WORK REQUIRED
Transcribe the records that follow exactly. Skip the pictures.

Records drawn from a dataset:

▬▬▬

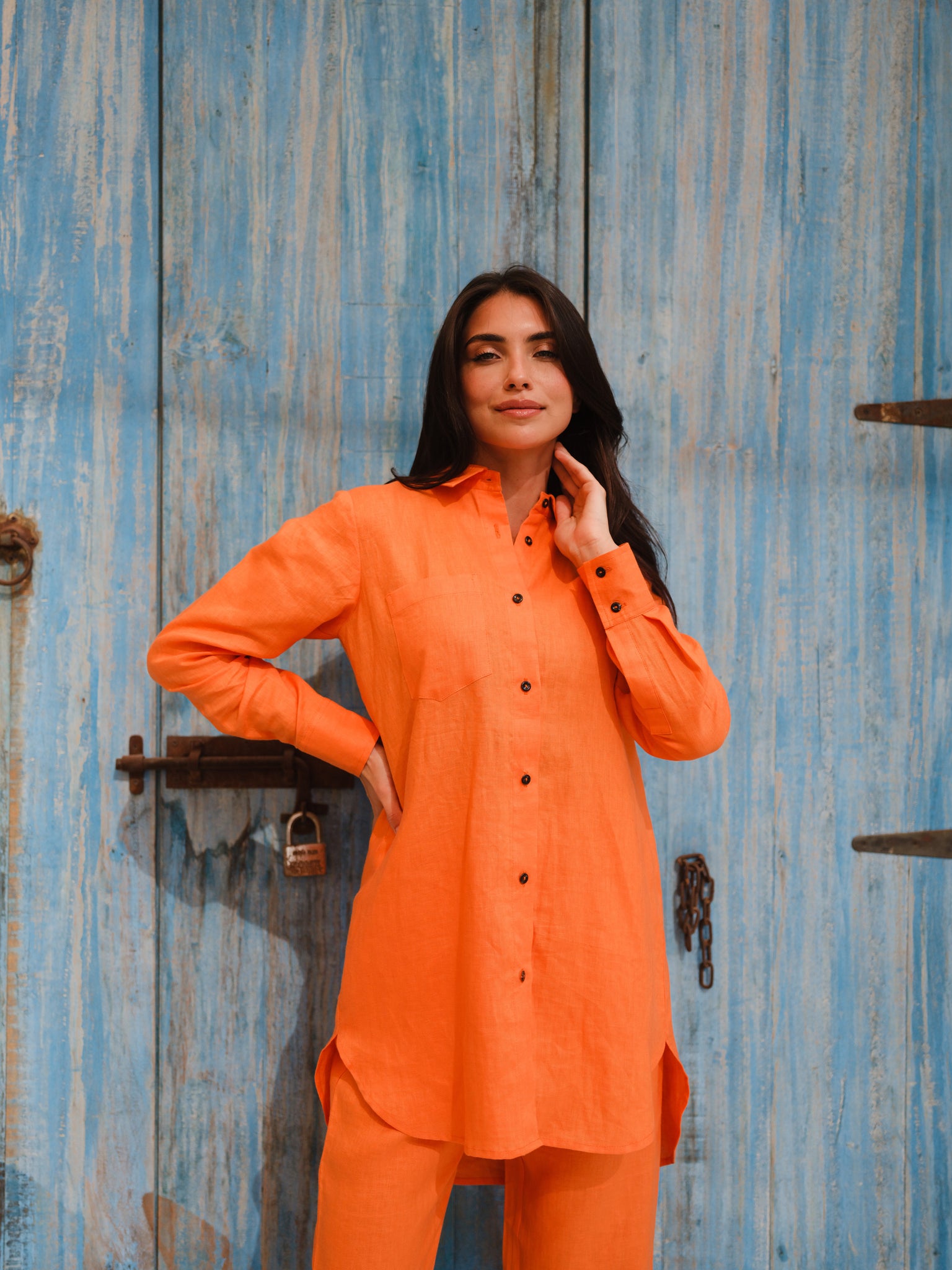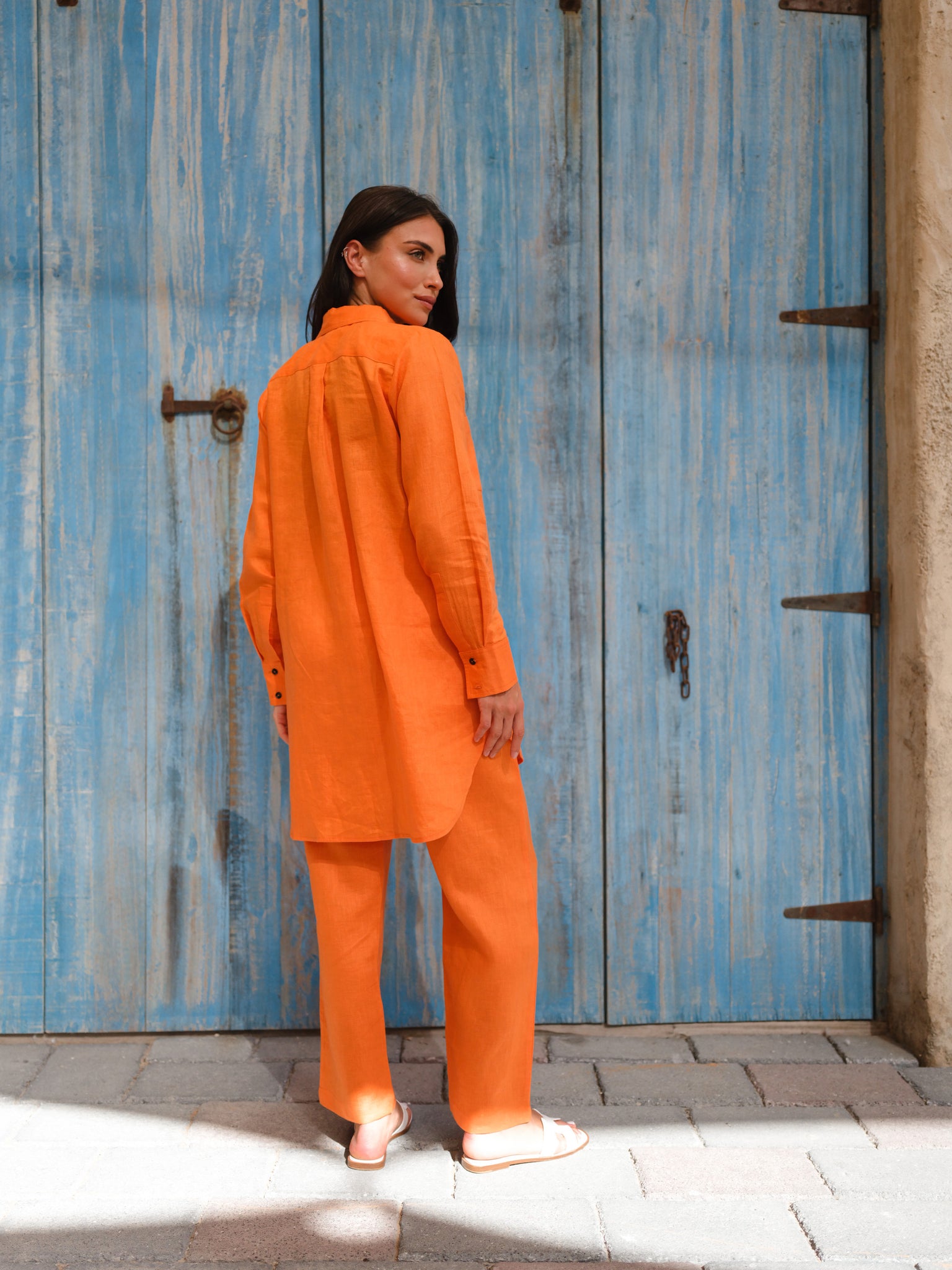 Available also in White, HESTIA is the ultimate summer outfit in pure linen and black detailing. The button-down shirt is oversized, longer in length from the back and cuff full sleeves. The trousers come with adjustable drawstring and pockets to give a more relaxed fit for the season.
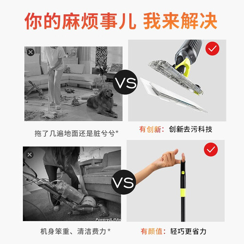 4000Pa大吸力,较强的吸附毛发残渣,增大清洁的能力。一键喷水湿拖功能,强力清除地面上的污渍,清洁不费力。
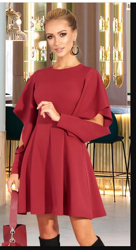 Красивое красное платье с интересными рукавами, которые застегиваются на потайную молнию. Приталенный силуэт и слегка расклешенная юбка. Размер: 48, 50.
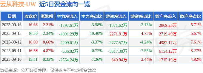 证券之星消息,截至2025年9月16日收盘,云从科技(688327)报收于16.66元,上涨2.21%,换手率3.63%,成交量30.25万手,成交额5.03亿元。
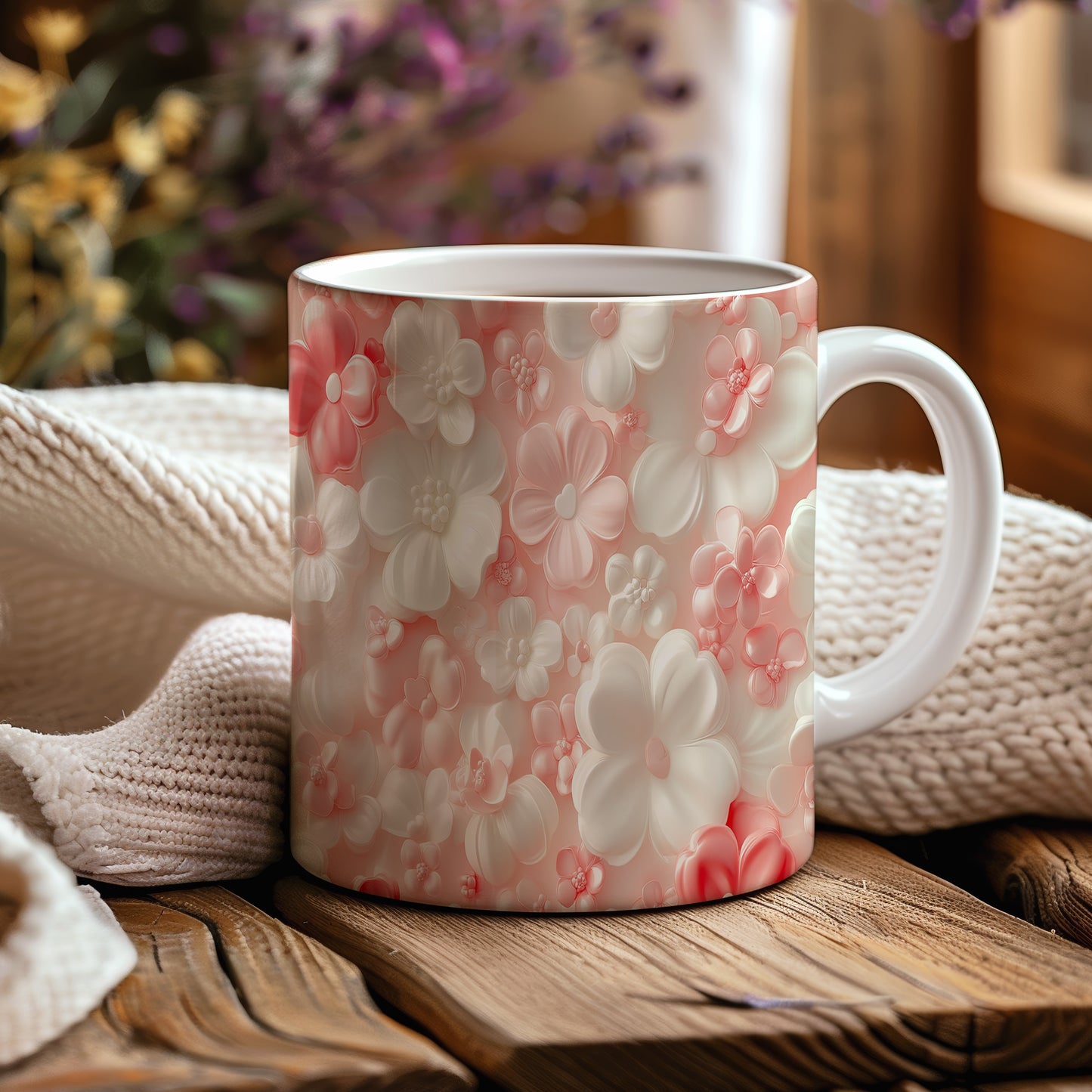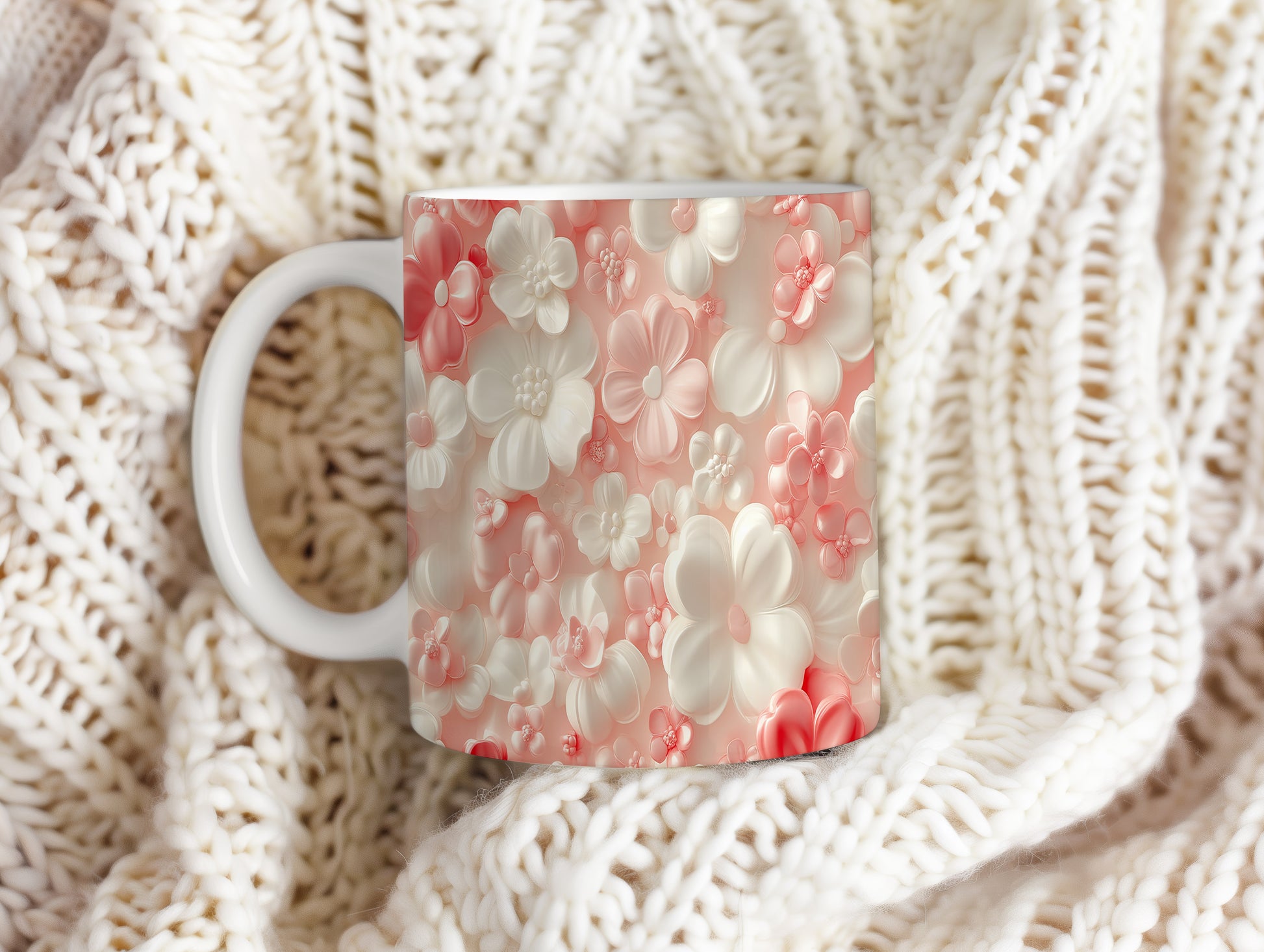 Hrnek se jemným květinovým vzorem v růžových tónech
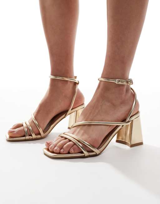 SEQWL - Sandali con tacco largo oro a pianta larga con fascette
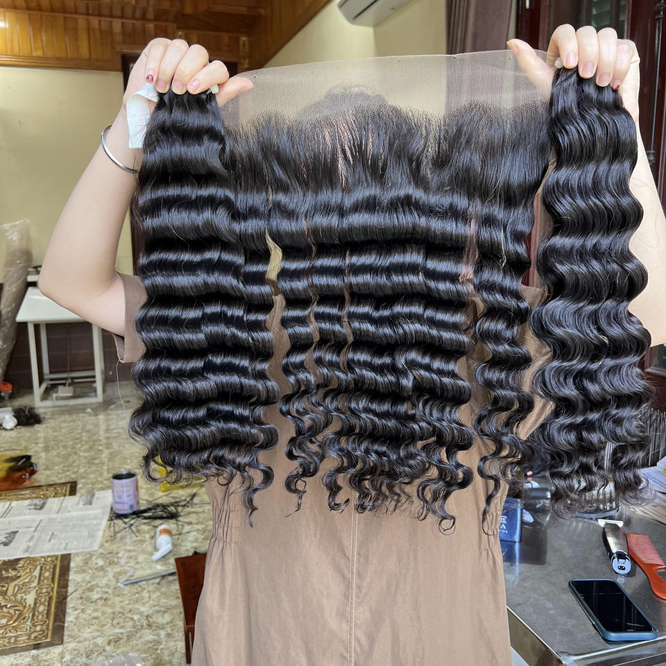 Prix usine vague profonde, vague d'eau 100% cheveux humains vietnamiens, couleur noire naturelle, peut être teint toutes les couleurs, longueur 6-36 pouces
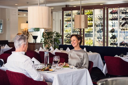 To accompany your meal, choose a wine from the expert selection on our wine list or opt for a wine package in which our best wine tasters have paired wine with the food. If you choose to upgrade to our Platinum package, you can dine here every day as part of your voyage.
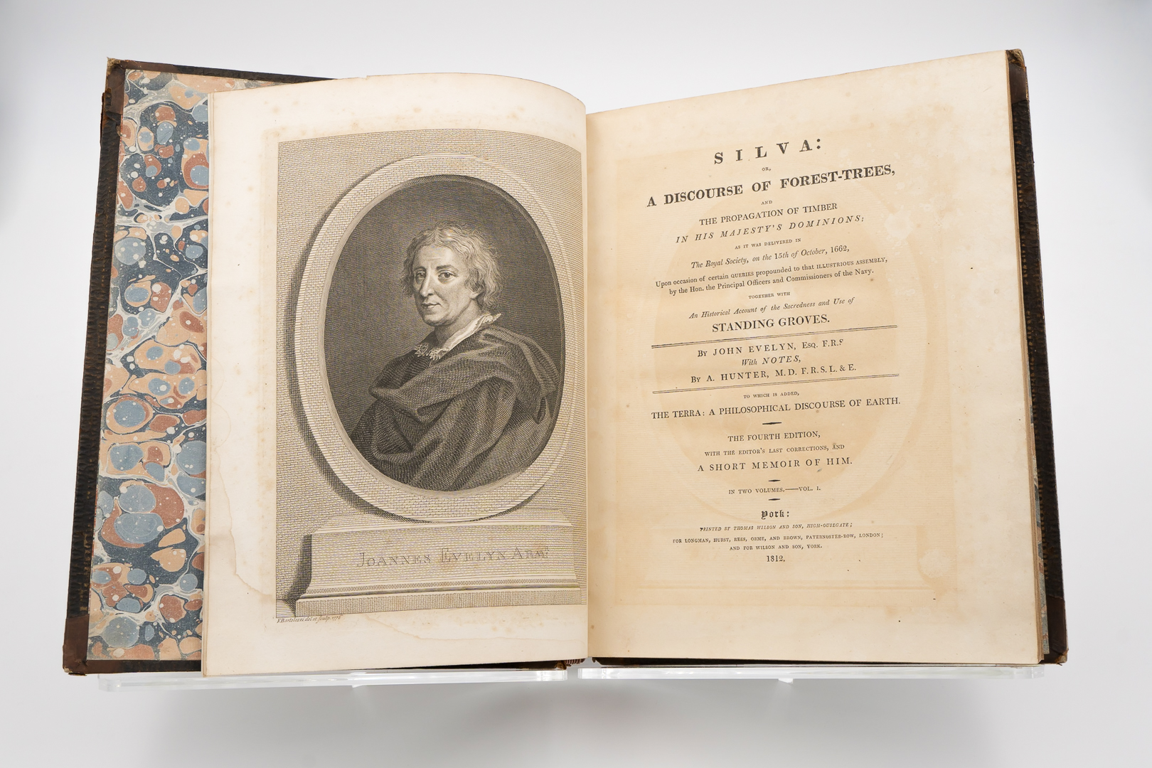 Zum Werk: John Evelyn (1620-1706) war ein englischer Autor, Architekt und Gartenbauer. Er gehörte zu den ersten Mitgliedern der 1660 gegründeten Royal Society. Sein Buch Silva schrieb er als Anregung an Gartenbesitzer, Bäume zu pflanzen, um die englische Flotte mit Bauholz zu versorgen. Bei dem vorliegenden Buch handelt es sich um die 4. Ausgabe des 1662 erschienenen Werkes. Die neueste Auflage stammt von 2021.
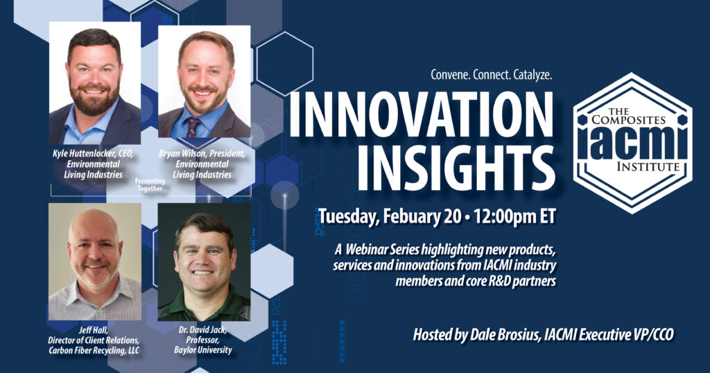 Our monthly webinar series “Innovation Insights” continued Tuesday, February 20, as IACMI EVP/CCO Dale Brosius, moderated discussions on recent technology advancements.
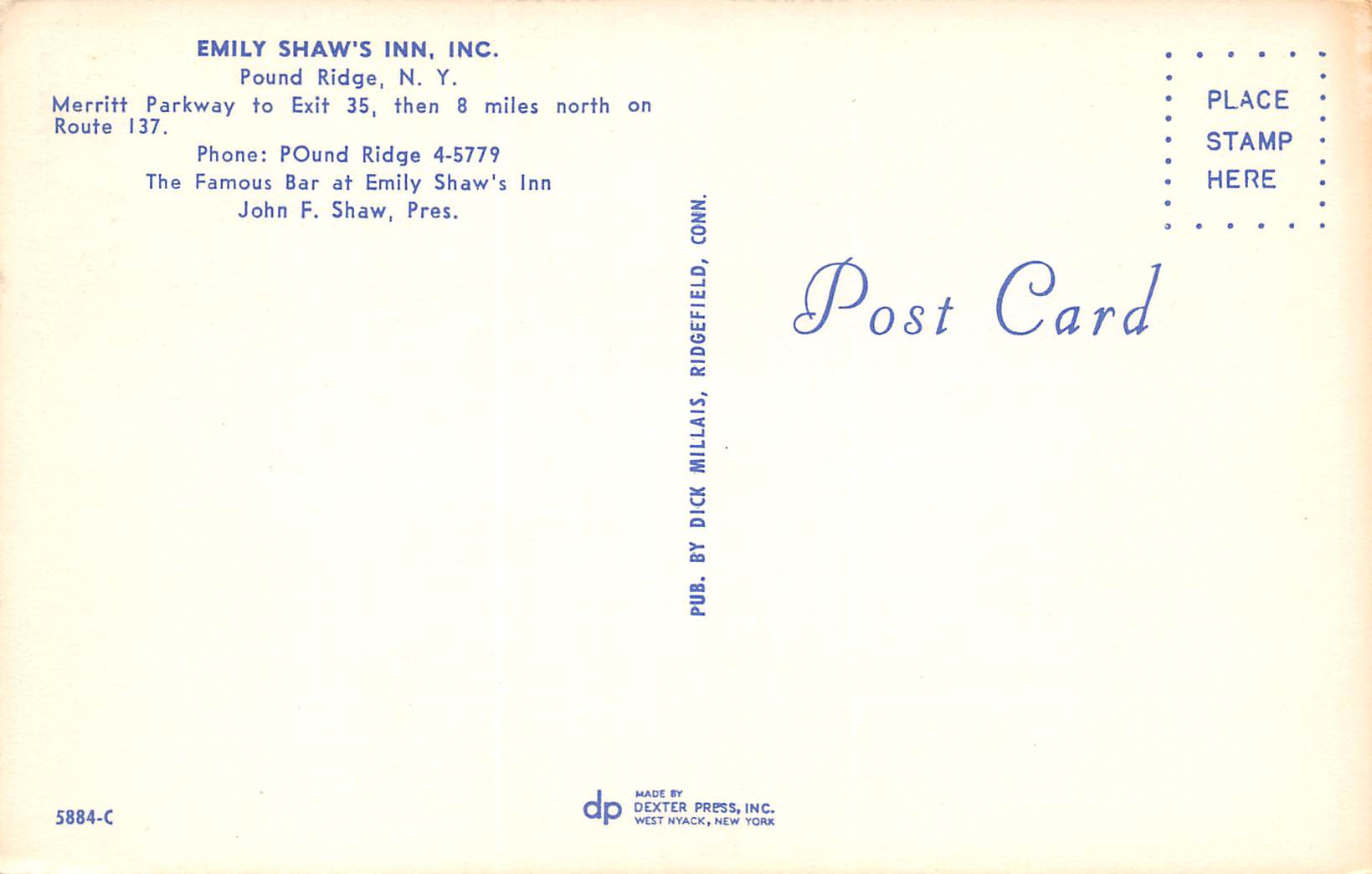 Pound Ridge New York Emily Shaw’s Inn, Photochrome Vintage Postcard U11830
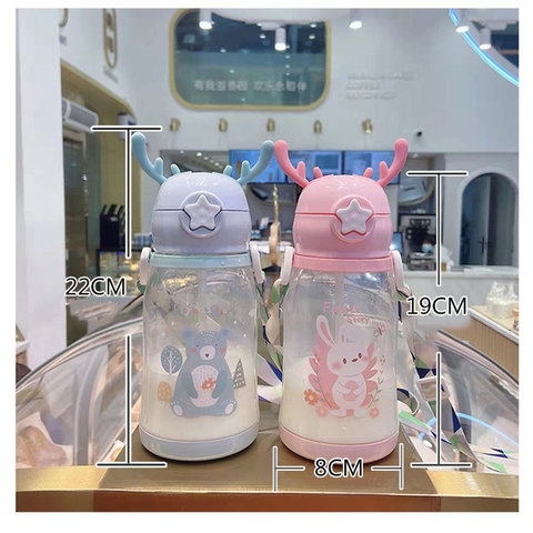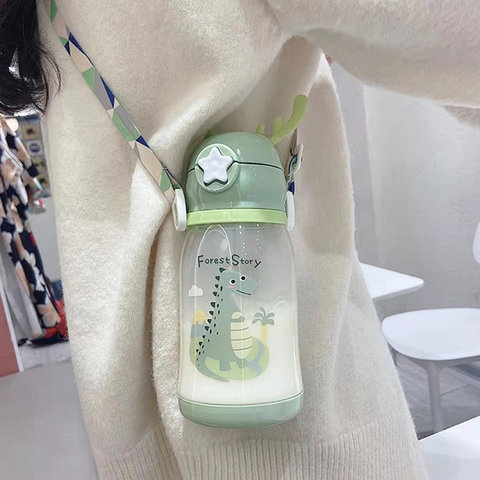 Bình uống nước cho bé được trang bị thêm dây đeo có thể điều chỉnh dài ngắn tiện dụng cho bé mang đi
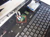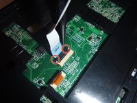Unhook the cables connected to the mouse pad by flipping up the black tabs that hold either cable in place.

▬▬▬

OUTPUT FOR THIS TASK
 Available also in White, HESTIA is the ultimate summer outfit in pure linen and black detailing. The button-down shirt is oversized, longer in length from the back and cuff full sleeves. The trousers come with adjustable drawstring and pockets to give a more relaxed fit for the season.
 4000Pa大吸力,较强的吸附毛发残渣,增大清洁的能力。一键喷水湿拖功能,强力清除地面上的污渍,清洁不费力。
 Красивое красное платье с интересными рукавами, которые застегиваются на потайную молнию. Приталенный силуэт и слегка расклешенная юбка. Размер: 48, 50.
 证券之星消息,截至2025年9月16日收盘,云从科技(688327)报收于16.66元,上涨2.21%,换手率3.63%,成交量30.25万手,成交额5.03亿元。
 Hrnek se jemným květinovým vzorem v růžových tónech
 SEQWL - Sandali con tacco largo oro a pianta larga con fascette
 Prix usine vague profonde, vague d'eau 100% cheveux humains vietnamiens, couleur noire naturelle, peut être teint toutes les couleurs, longueur 6-36 pouces
 To accompany your meal, choose a wine from the expert selection on our wine list or opt for a wine package in which our best wine tasters have paired wine with the food. If you choose to upgrade to our Platinum package, you can dine here every day as part of your voyage.
 Zum Werk: John Evelyn (1620-1706) war ein englischer Autor, Architekt und Gartenbauer. Er gehörte zu den ersten Mitgliedern der 1660 gegründeten Royal Society. Sein Buch Silva schrieb er als Anregung an Gartenbesitzer, Bäume zu pflanzen, um die englische Flotte mit Bauholz zu versorgen. Bei dem vorliegenden Buch handelt es sich um die 4. Ausgabe des 1662 erschienenen Werkes. Die neueste Auflage stammt von 2021.
 Our monthly webinar series “Innovation Insights” continued Tuesday, February 20, as IACMI EVP/CCO Dale Brosius, moderated discussions on recent technology advancements.
 Pound Ridge New York Emily Shaw’s Inn, Photochrome Vintage Postcard U11830
 Bình uống nước cho bé được trang bị thêm dây đeo có thể điều chỉnh dài ngắn tiện dụng cho bé mang đi
Unhook the cables connected to the mouse pad by flipping up the black tabs that hold either cable in place.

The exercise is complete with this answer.